Гладиаторы
Шрифт:
Бретонец с изумлением взглянул на товарища, почти завидуя его искренней радости и довольству, проглядывавшим в тоне его голоса, так как он сам не достиг еще вершины того здания веры, куда с такой уверенностью возносился его друг.
— Через час наступит день, — сказал Эска далеко не таким радостным тоном, — и эти трусы повергнут нас мертвыми на мостовую своими беспощадными каменьями. Хотел бы я освободиться от своих уз и в последнюю минуту иметь под рукой оружие, чтобы умереть, защищая себя с саблей в руке!
— Будь благодарен за то, что от человека не зависит выбор смерти, — кротко отвечал Калхас. — В какое бы смущение приведена была бедная человеческая природа, отыскивая лучший способ и подходящий момент! Особенно же будь благодарен за благо самой смерти. Только бесконечная благость заставила смерть, эту неизбежную освободительницу, подчиниться греху.
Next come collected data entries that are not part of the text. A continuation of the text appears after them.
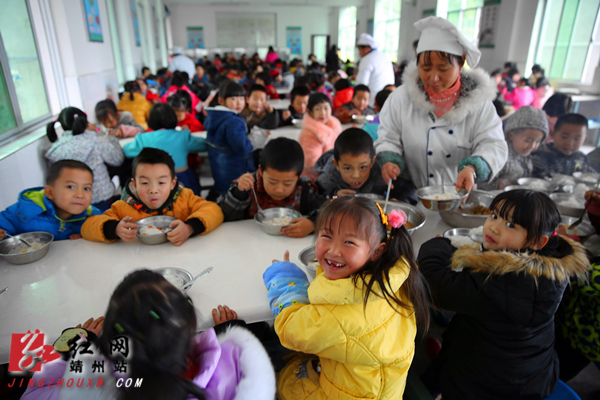 靖州新闻网·红网靖州站1月7日讯(记者 刘杰华) 2016年1月7日,湖南省靖州苗族侗族自治县横江桥小学,学生们在新建的学生食堂里美滋滋地吃营养餐,个个喜笑颜开。作为“十二五”时期一项重要的惠民政策,农村义务教育学生营养改善计划自2012年3月1日在该县启动,每天有18000余名农村学生因此受益,切实改善了农村学生营养状况、提高了农村学生健康水平。
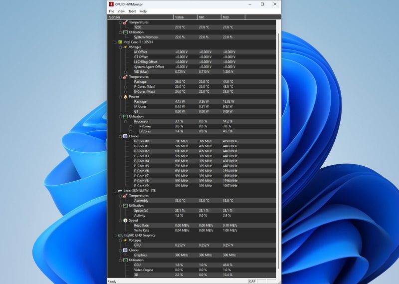 - processore Intel Core i7-12650H di 12a generazione (10 core, 16 thread, 24 MB di cache, fino a 4,70 GHz), con TDP pari a 45W
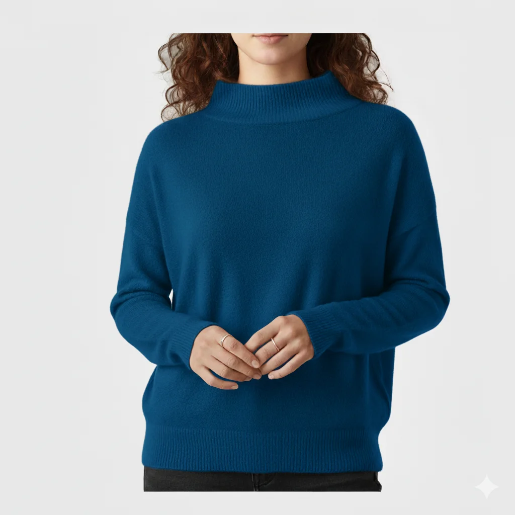 High Quantity Mockneck Long Sleeve Plush Knit Relaxed Everyday Fit Autumn Winter Casual OEM Custom Breathable

Какое проклятие могло бы сравниться с бессмертием зла? Неужели ты захотел бы вечно жить в подобном нашем мире,
— Но это была бы зато смерть солдата, — ответил Эска, для отважной натуры которого казалось столь тяжелым потерять жизнь без боя. — Я мог бы умереть от удара меча или копья и пасть под стенами, как прилично человеку. Но быть побитым насмерть каменьями, как пастухи побивают шакала в его норе, эта участь ужасна и позорна!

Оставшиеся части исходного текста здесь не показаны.